In June 1867, Ali bin Khalifa, the Bahraini representative in Qatar and brother of Muhammad bin Khalifa, seized a Bedouin from Al Wakrah and deported him to Bahrain. Mohammed bin Thani demanded his release, but Ali bin Khalifa refused. This prompted Mohammed bin Thani to expel him from Al Wakrah. Upon receiving news of this, Muhammad bin Khalifa released the Bedouin prisoner and expressed his desire for renewed peace talks. Jassim bin Mohammed Al Thani, the son of Mohammed bin Thani, traveled to Bahrain to negotiate on his behalf. He was imprisoned upon arrival, and a large number of ships and troops were soon sent to punish the people of Al Wakrah and Al Bidda. Abu Dhabi joined on Bahrain's behalf due to the conception that Al Wakrah served as a refuge for fugitives from Oman. Later that year, the combined forces sacked the two aforementioned Qatari cities with 2,000 men in what would come to be known as the Qatari–Bahraini War. A British record later stated:
"(...) the towns of Doha and Wakrah were, at the end of 1867 temporarily blotted out of existence, the houses being dismantled and the inhabitants deported."
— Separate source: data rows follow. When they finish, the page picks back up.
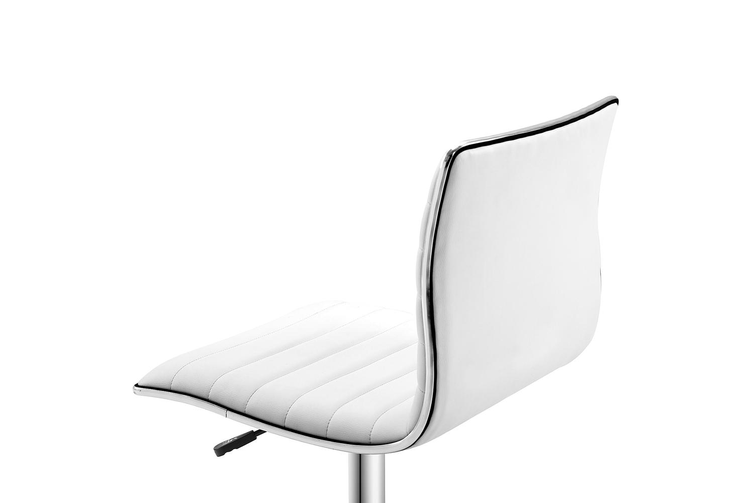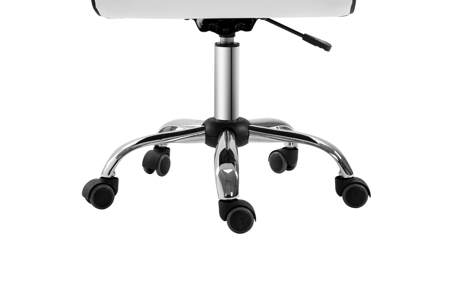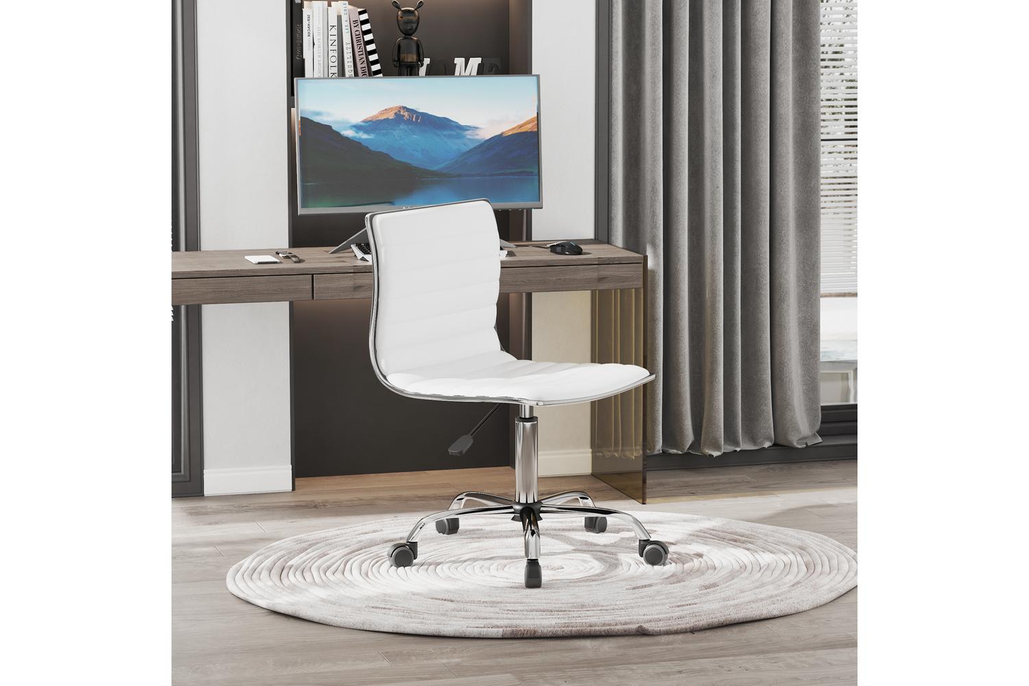 Very Happy with this white office chair. No arms so it sits nice and snug under the desk in our living room. This is chair is comfortable and does exactly what it is needed for. I love the modern sleek look of it too!!
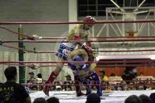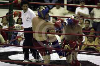 VILLAHERMOSA, TABASCO, 01JULIO2007.- En el Palacio de los Deportes se realizó una función de Muay Thai denominada "La noche de los Guerreros", ahí, los gladiadores combinaron golpes con puños, patadas, codos, rodillas y cabeza, y aunque este deporte es demasiado riesgozo, en el estado empieza a adquirir popularidad. FOTO: MARCO POLO GUZMÁN HERNÁNDEZ/CUARTOSCURO.COM
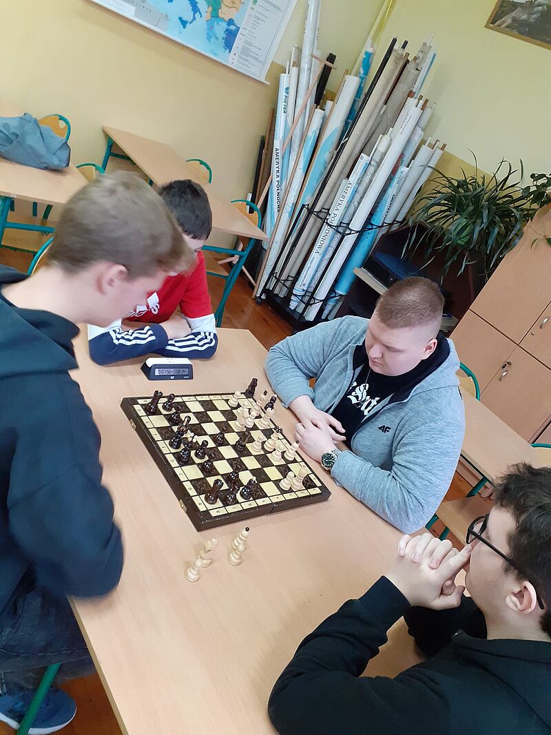 W dniu dzisiejszym w naszej szkole odbył się już III Szkolny Turniej Szachowy. Pomysłodawcą i głównym organizatorem jest uczeń IV klasy Adam Rękawiecki. W rywalizacji wzięła udział liczna grupa licealistów. I miejsce zajął uczeń pierwszej klasy Jakub Jóźwiak, drugie miejsce zajął Mateusz Grodzicki uczeń czwartej klasy, trzecie miejsce zajął uczeń drugiej klasy - Michał Żurawicz. Dziękujemy organizatorom i gratulujemy zwycięzcom.
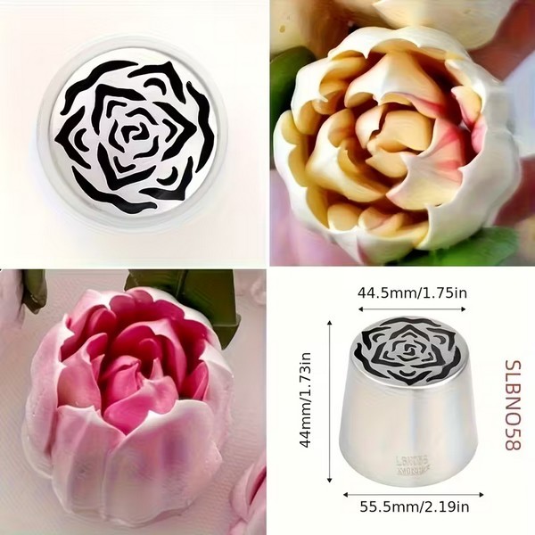Très grande Douille à pâtisserie pour fleur 3 dimensions. Cette nouvelle technologie de douille vous permettera de créer des fleurs en 3 dimensions en une seule poussée de crème au beurre tout en donnant un fini professionnel et élégant! Dû à la très grande taille de cette douille, aucun adaptateur ne convient.

In either late 1867 or June 1868, the Qataris attempted to launch a counterattack against the Bahrainis, however, they were defeated in the Battle of Damsah. An account of the battle written in 1933 by C.U. Aitchison, under-secretary of the British Raj, is as follows:

As both the Bahrain and Abu Dhabi Shaikhs were bound by their engagements with the British Government to abstain from aggression of every kind by sea; to appeal to the British Resident as arbitrator; and to afford full redress for all maritime offences which could justly be charged against them or their subjects, steps were taken to exact reparation for these outrages. Before this could be effected the tribes of Qatar retaliated by an attack on Bahrain which proved unsuccessful; but in the naval action which took place a number of vessels were destroyed and great loss of life occurred.

Contemporary sources state the 1868 attack was particularly violent, in some 1,000 were killed and 60 ships were destroyed.

The aftermath of the Battle of Damsah saw the Qatari forces execute a strategic withdrawal, prompting a pursuit by Bahraini troops to the settlement of Al Wakrah. At this location, the Qatari contingent mounted a defense, successfully encircling the Bahraini forces and capturing two of their commanders. The engagement concluded with a negotiated exchange of prisoners, following which Jassim bin Mohammed returned to his seat of power in Doha.

The joint Bahraini-Abu Dhabi incursion and Qatari counterattack prompted the British political agent, Colonel Lewis Pelly, to impose a settlement in 1868. Pelly's mission to Bahrain and Qatar and the peace treaty that resulted were milestones in Qatar's history. It implicitly recognized the distinctness of Qatar from Bahrain and explicitly acknowledged the position of Mohammed bin Thani as an important representative of the Peninsula's tribes.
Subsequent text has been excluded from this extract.